**** EXCERPTED DATA

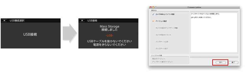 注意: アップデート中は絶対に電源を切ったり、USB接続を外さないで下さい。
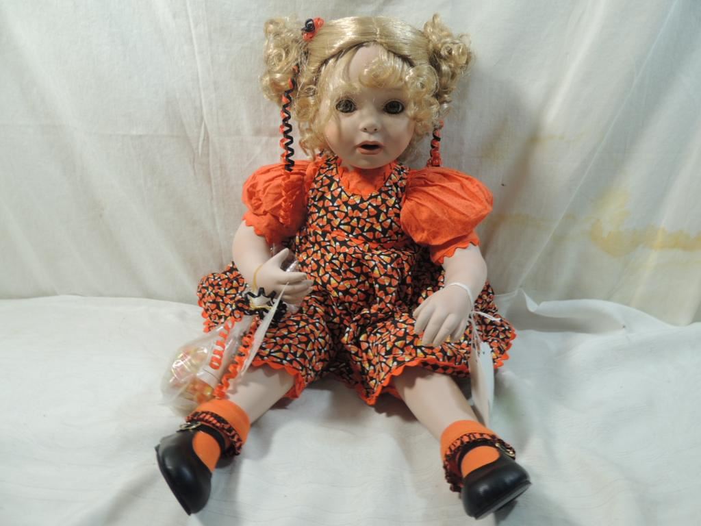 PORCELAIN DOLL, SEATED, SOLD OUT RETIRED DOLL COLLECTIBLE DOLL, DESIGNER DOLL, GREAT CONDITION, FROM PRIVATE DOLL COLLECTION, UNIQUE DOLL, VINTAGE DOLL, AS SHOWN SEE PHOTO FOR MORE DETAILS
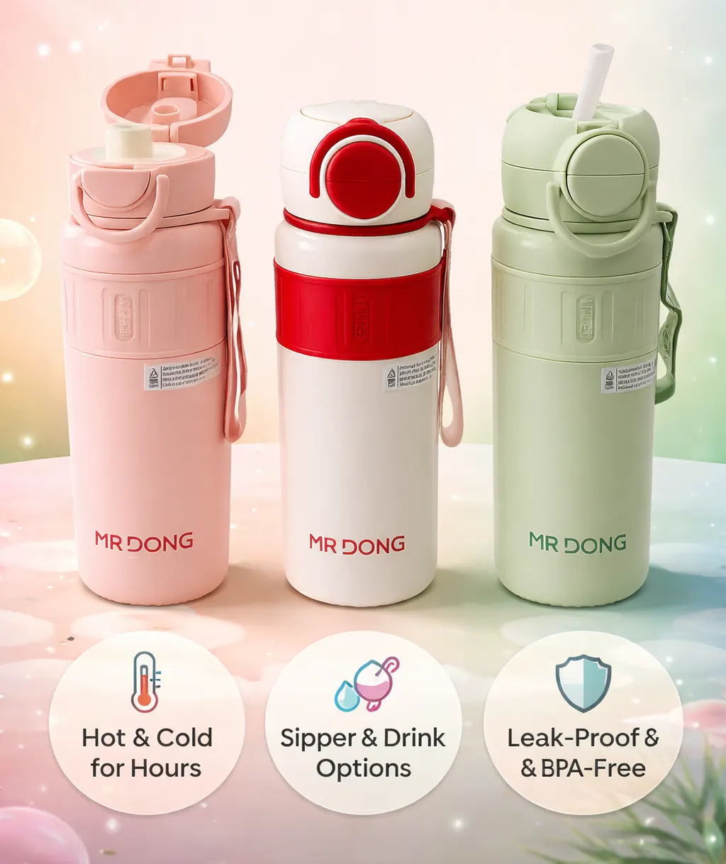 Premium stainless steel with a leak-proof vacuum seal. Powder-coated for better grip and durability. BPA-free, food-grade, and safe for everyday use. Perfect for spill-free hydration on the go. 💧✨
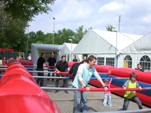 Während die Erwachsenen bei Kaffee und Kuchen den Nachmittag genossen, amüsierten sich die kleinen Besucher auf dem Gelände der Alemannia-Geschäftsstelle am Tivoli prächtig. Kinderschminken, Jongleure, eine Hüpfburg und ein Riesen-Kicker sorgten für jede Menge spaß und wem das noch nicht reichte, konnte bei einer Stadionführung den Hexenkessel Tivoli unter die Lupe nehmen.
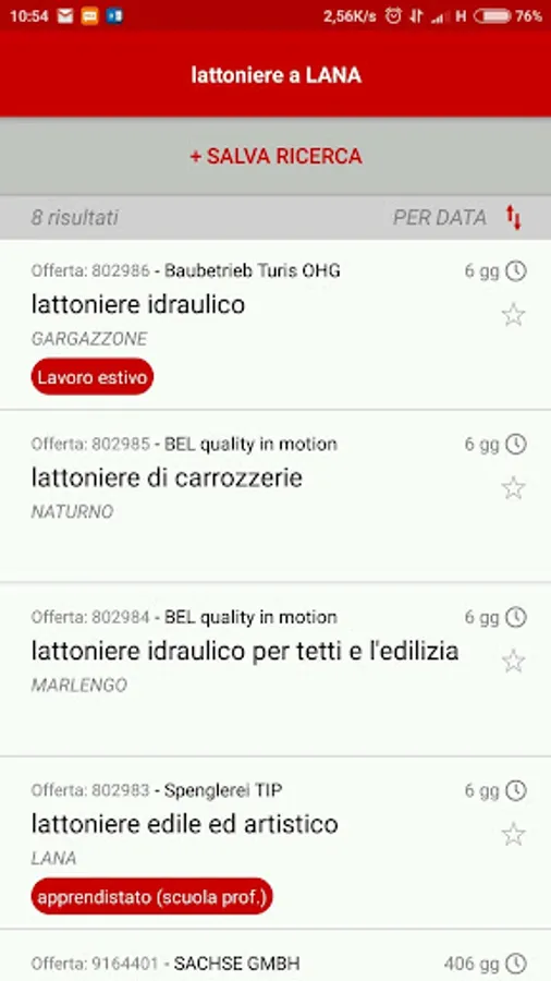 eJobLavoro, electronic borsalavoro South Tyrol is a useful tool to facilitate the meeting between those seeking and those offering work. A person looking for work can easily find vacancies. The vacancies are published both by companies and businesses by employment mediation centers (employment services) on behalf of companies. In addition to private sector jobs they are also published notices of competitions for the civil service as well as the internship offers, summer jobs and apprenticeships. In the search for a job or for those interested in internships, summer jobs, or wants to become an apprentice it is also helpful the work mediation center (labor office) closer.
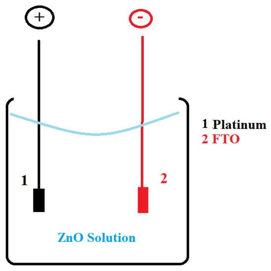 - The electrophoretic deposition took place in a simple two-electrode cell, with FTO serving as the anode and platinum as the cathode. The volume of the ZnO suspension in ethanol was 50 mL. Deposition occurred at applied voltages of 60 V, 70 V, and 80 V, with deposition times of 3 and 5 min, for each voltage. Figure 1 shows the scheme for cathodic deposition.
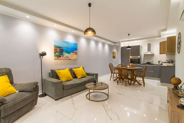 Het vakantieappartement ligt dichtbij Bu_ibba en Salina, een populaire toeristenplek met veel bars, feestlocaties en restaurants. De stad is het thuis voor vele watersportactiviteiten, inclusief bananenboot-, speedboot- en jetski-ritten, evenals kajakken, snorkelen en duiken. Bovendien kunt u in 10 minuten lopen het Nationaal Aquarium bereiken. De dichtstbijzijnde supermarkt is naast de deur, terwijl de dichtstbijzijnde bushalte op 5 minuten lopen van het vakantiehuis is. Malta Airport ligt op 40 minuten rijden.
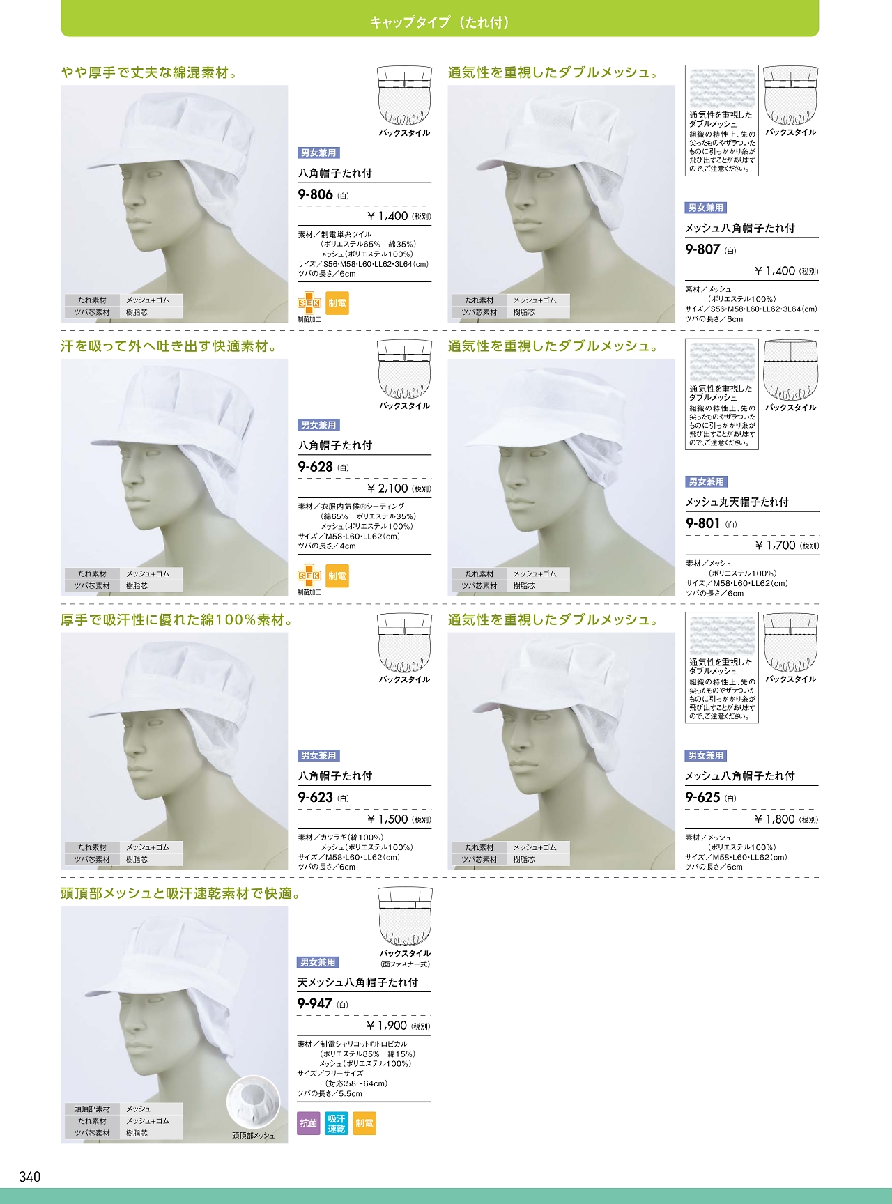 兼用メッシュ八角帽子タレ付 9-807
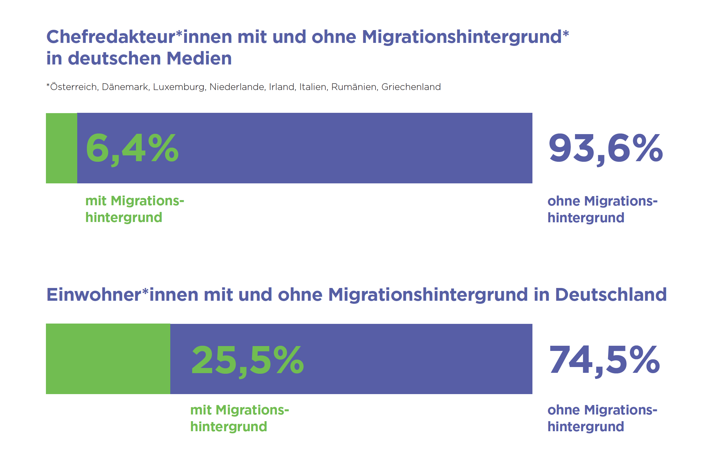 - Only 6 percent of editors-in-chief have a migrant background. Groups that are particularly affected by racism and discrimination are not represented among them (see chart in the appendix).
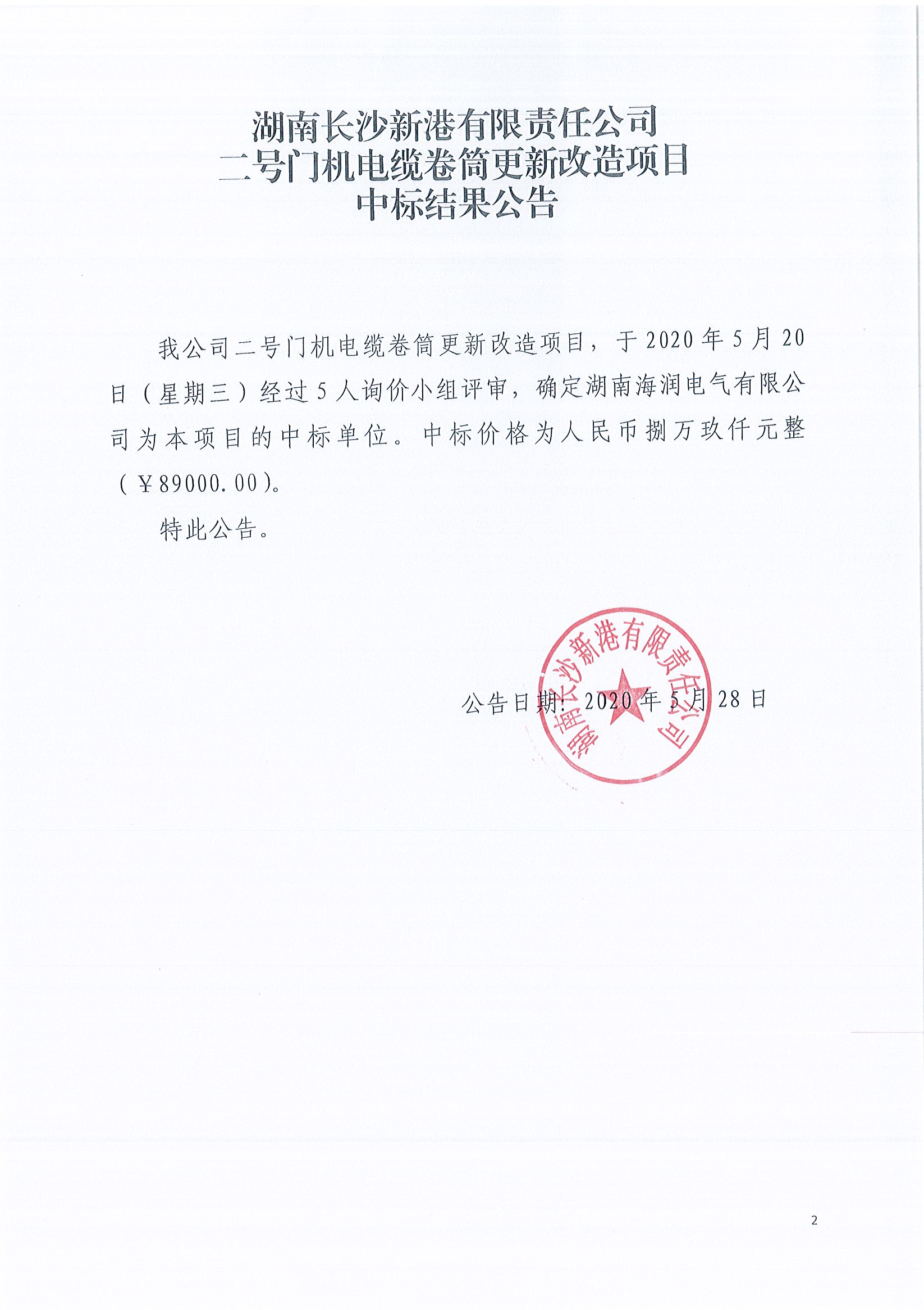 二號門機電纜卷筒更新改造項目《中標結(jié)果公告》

********

= EXERCISE AIM =
Pictures are to be left out; otherwise, retype exactly the lines from the first line of the data through the line containing "PORCELAIN DOLL, SEATED, SOLD".

= SOLUTION TO THIS TASK =
 注意: アップデート中は絶対に電源を切ったり、USB接続を外さないで下さい。
 PORCELAIN DOLL, SEATED, SOLD OUT RETIRED DOLL COLLECTIBLE DOLL, DESIGNER DOLL, GREAT CONDITION, FROM PRIVATE DOLL COLLECTION, UNIQUE DOLL, VINTAGE DOLL, AS SHOWN SEE PHOTO FOR MORE DETAILS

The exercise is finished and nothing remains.